WHAT YOU WILL DO – Beginning at the line that contains "Per info: Università", repeat each line exactly through the last one of the records below, and leave out the pictures.

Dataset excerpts

⟨

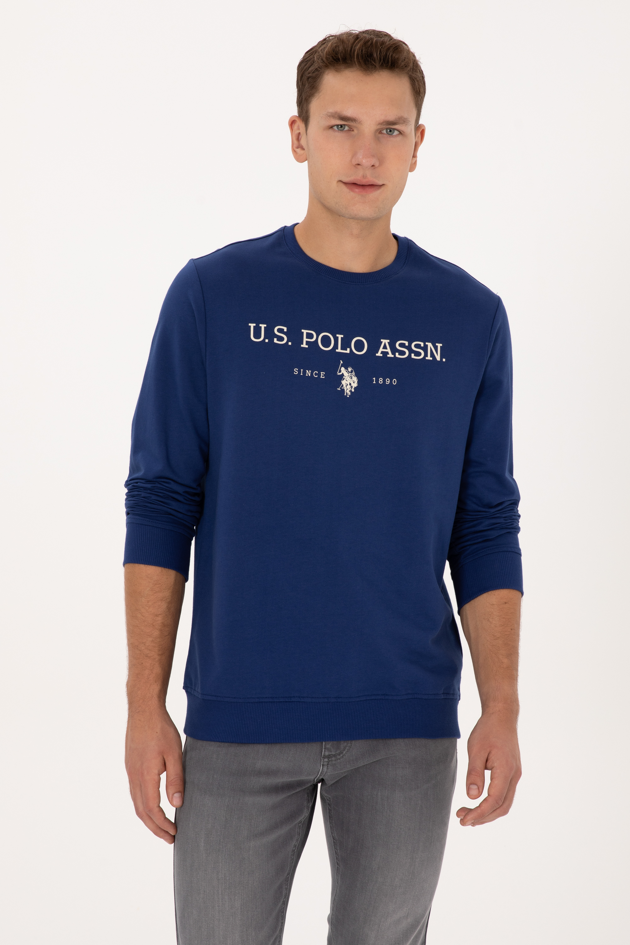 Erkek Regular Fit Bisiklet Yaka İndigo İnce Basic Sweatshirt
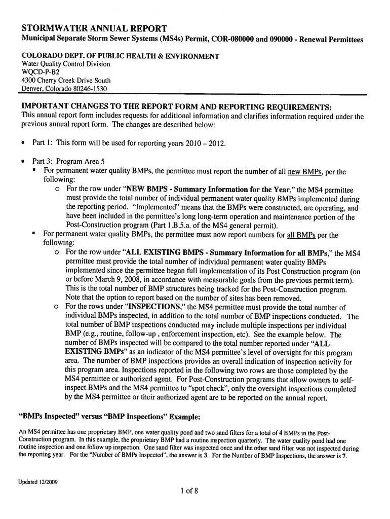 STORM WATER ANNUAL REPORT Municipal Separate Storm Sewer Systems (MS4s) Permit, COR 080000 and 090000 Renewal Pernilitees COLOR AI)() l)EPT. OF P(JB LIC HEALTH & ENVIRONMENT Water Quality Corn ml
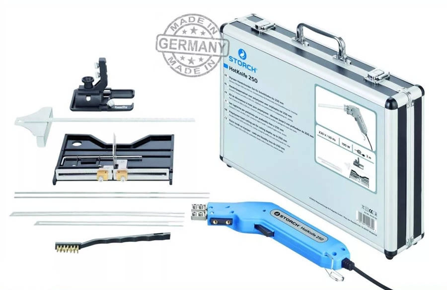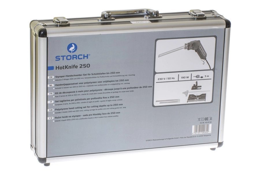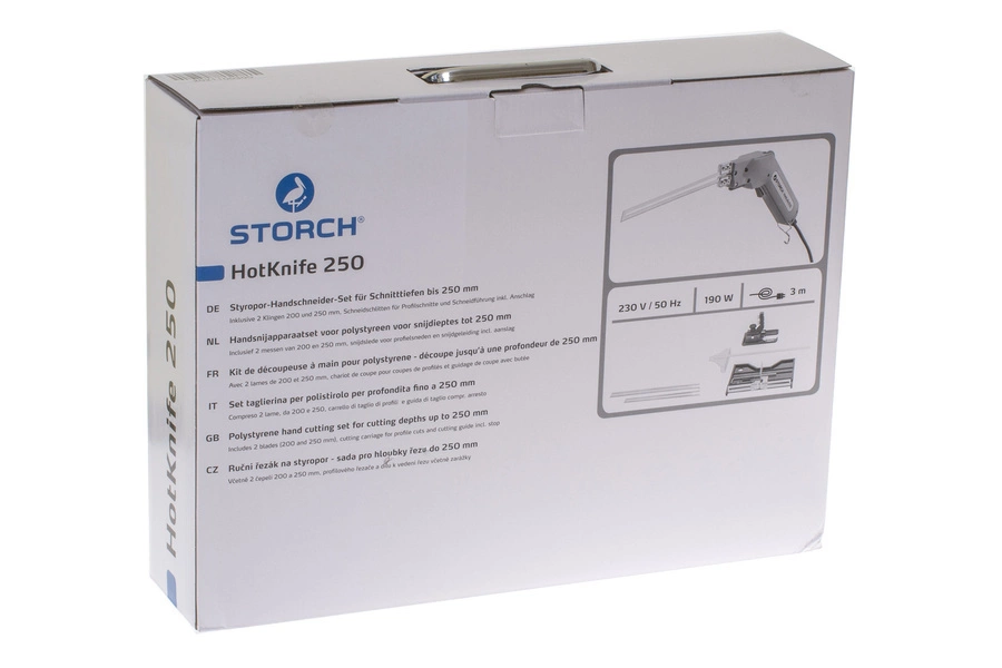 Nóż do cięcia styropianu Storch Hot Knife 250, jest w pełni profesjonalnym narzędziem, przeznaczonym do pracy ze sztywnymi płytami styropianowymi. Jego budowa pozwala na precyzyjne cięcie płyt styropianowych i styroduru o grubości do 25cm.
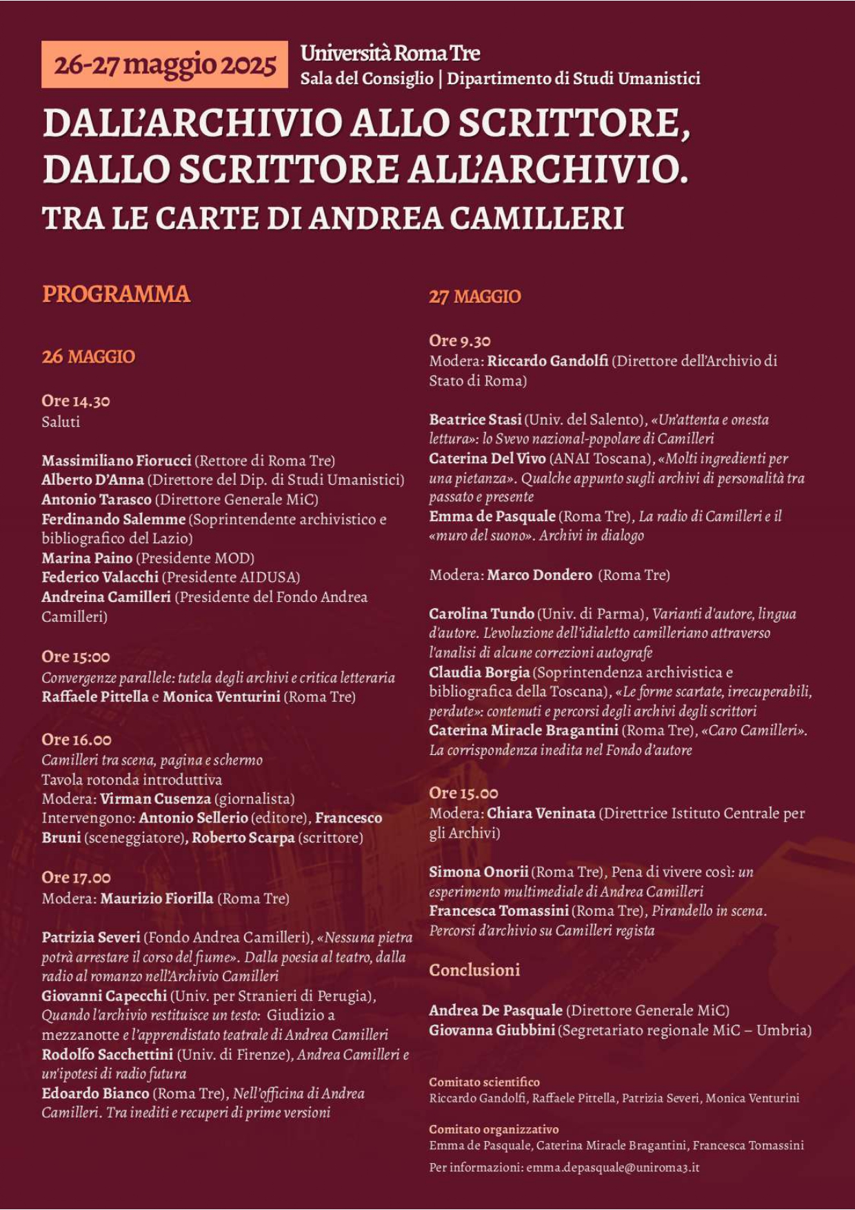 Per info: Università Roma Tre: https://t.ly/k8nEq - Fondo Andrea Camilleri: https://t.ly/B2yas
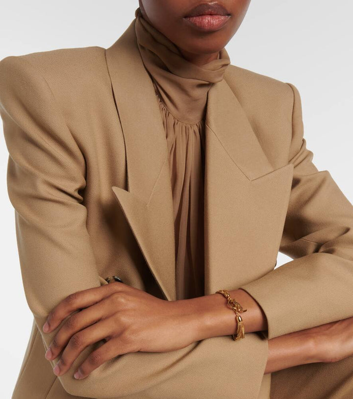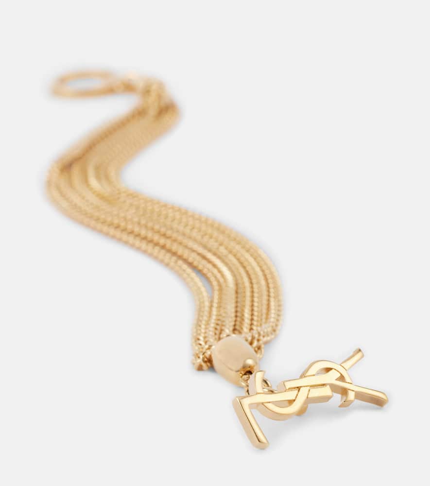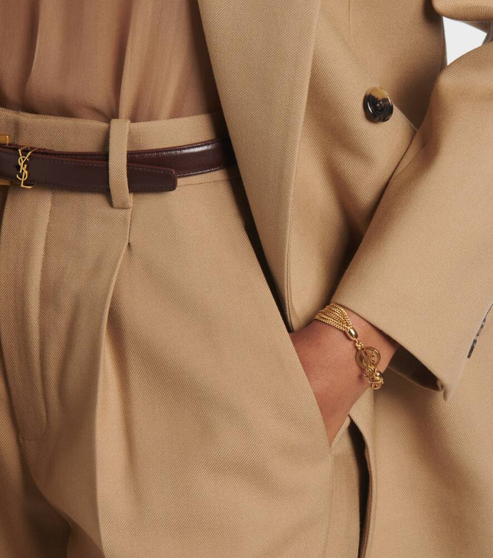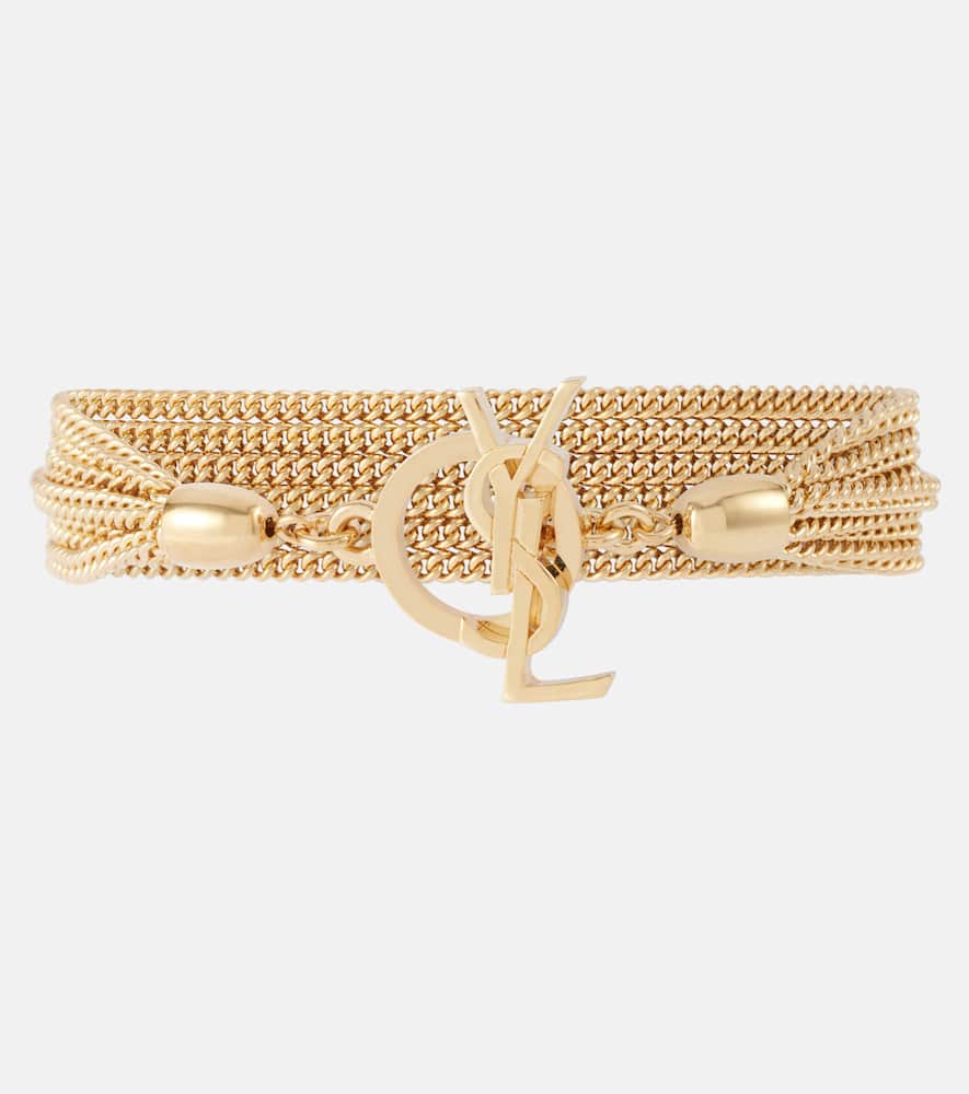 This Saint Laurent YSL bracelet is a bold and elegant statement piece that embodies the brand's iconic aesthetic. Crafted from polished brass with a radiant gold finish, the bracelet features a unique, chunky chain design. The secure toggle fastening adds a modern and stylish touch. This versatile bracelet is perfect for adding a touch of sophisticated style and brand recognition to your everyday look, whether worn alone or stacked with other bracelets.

⟩

ANSWER TO THIS EXERCISE –
 Per info: Università Roma Tre: https://t.ly/k8nEq - Fondo Andrea Camilleri: https://t.ly/B2yas
 This Saint Laurent YSL bracelet is a bold and elegant statement piece that embodies the brand's iconic aesthetic. Crafted from polished brass with a radiant gold finish, the bracelet features a unique, chunky chain design. The secure toggle fastening adds a modern and stylish touch. This versatile bracelet is perfect for adding a touch of sophisticated style and brand recognition to your everyday look, whether worn alone or stacked with other bracelets.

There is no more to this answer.